By that point, of course, the romance of “You’ll Never Get Away From Me” and the jaunty pluck of “Together Wherever We Go” have long faded. June? She’s gone, too, leaving poor Louise to be the lone vessel for Momma Rose’s frustrated ambitions—and Rose doesn’t blink when a booking brings them not to a vaudeville house, but to a burlesque hall, where the options are strip or starve. The bawdy backstage fun of “You Gotta Get a Gimmick,” delivered with gusto by Sandy Bainum, Donna Migliaccio, and Tracy Lynn Olivera, is only a momentary diversion from the gruesomeness of watching a woman persuade her shrinking-violet daughter to disrobe in the spotlight.
That Louise will turn out to have a knack for the strip—that the corner Rose pushes her into will turn out to be a position of power for the newly christened Gypsy Rose Lee—is Gypsy’s ultimate irony, the shock that finally cracks its antiheroine’s hard shell.
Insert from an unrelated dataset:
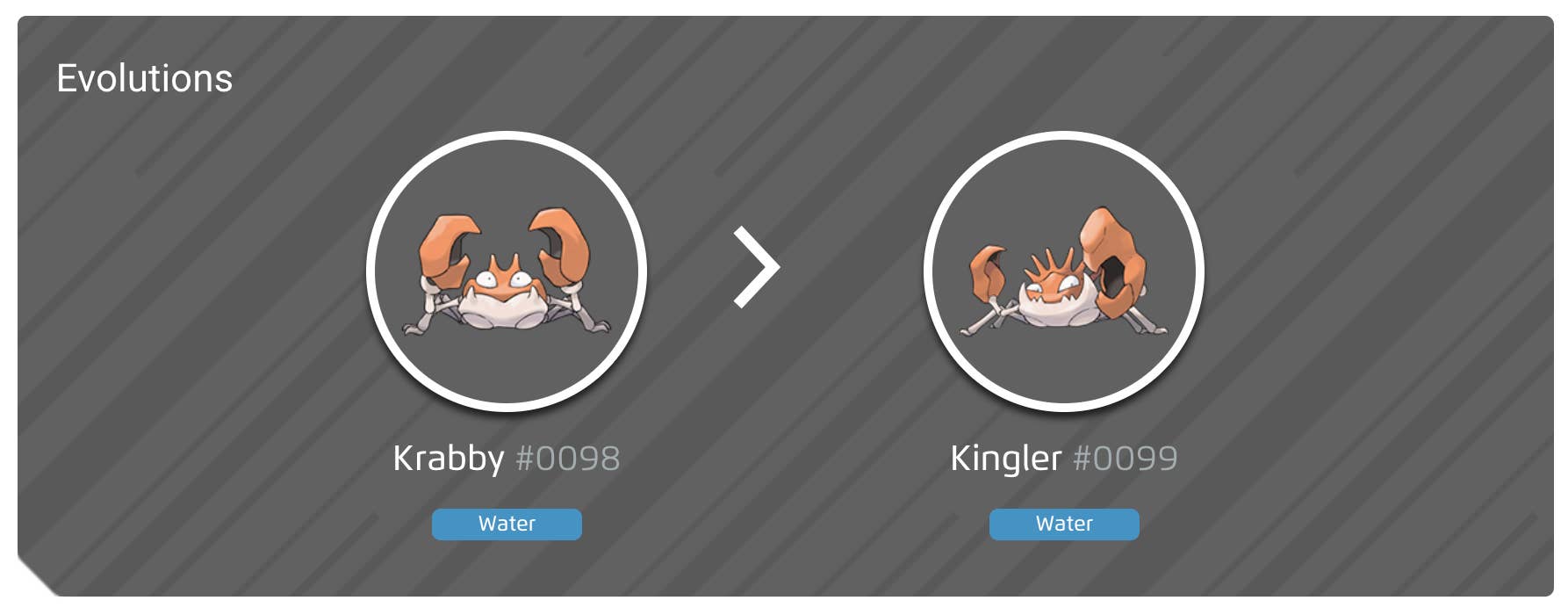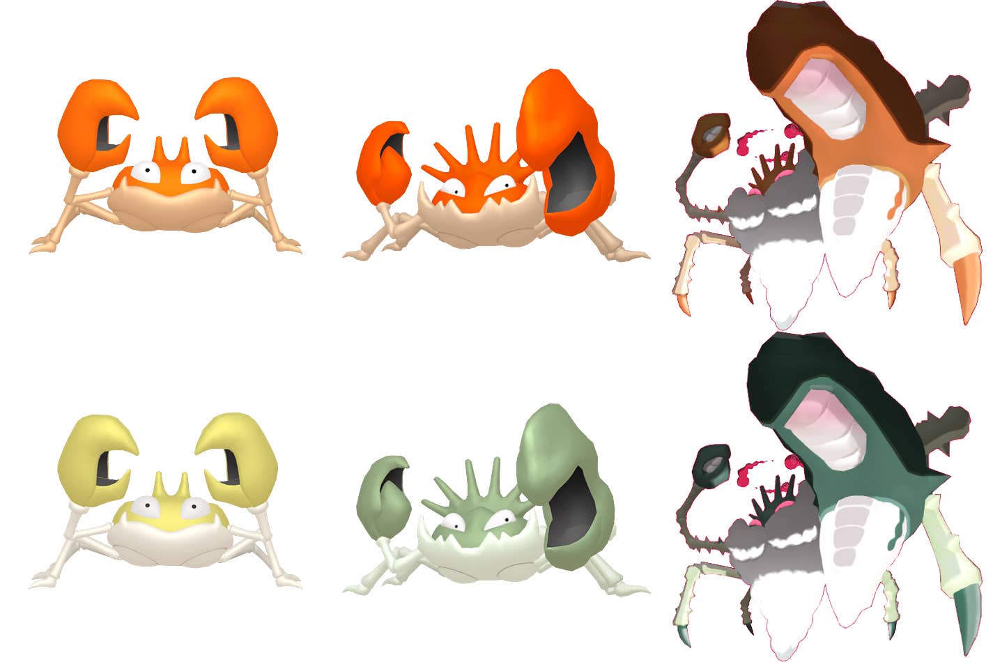 Как видно ниже, shiny Krabby пошёл по «давайте сделаем всё зелёным» пути среди блистящих вариаций 1‑го поколения. В то время как обычная линия Krabby — традиционно оранжево‑кремовая (как настоящие крабы), shiny Krabby — почти бледно‑жёлто‑зелёный. Shiny Kingler же — тёмно‑зелёный оттенок, который больше не похож ни на одно животное на Земле. Может быть, это защитный механизм — мы настоятельно не советуем есть краба, который стал зелёным…

Cue “Rose’s Turn,” the show’s famous breakdown number, in which she confesses her selfishness and lacerates herself with the knowledge that she’s brutalized her kids; Edelen delivers the number in a voice as strong—and somehow simultaneously as brittle—as anything I’ve ever seen on the Signature stage. Her performance is an outright triumph.
Calarco’s production is, too. If there’s anything this Gypsy proves, it’s that if Signature’s trustees are planning for the future—for the day Eric Schaeffer, who broke my heart so long ago, decides to move on—they could do worse than to look in Joe Calarco’s direction.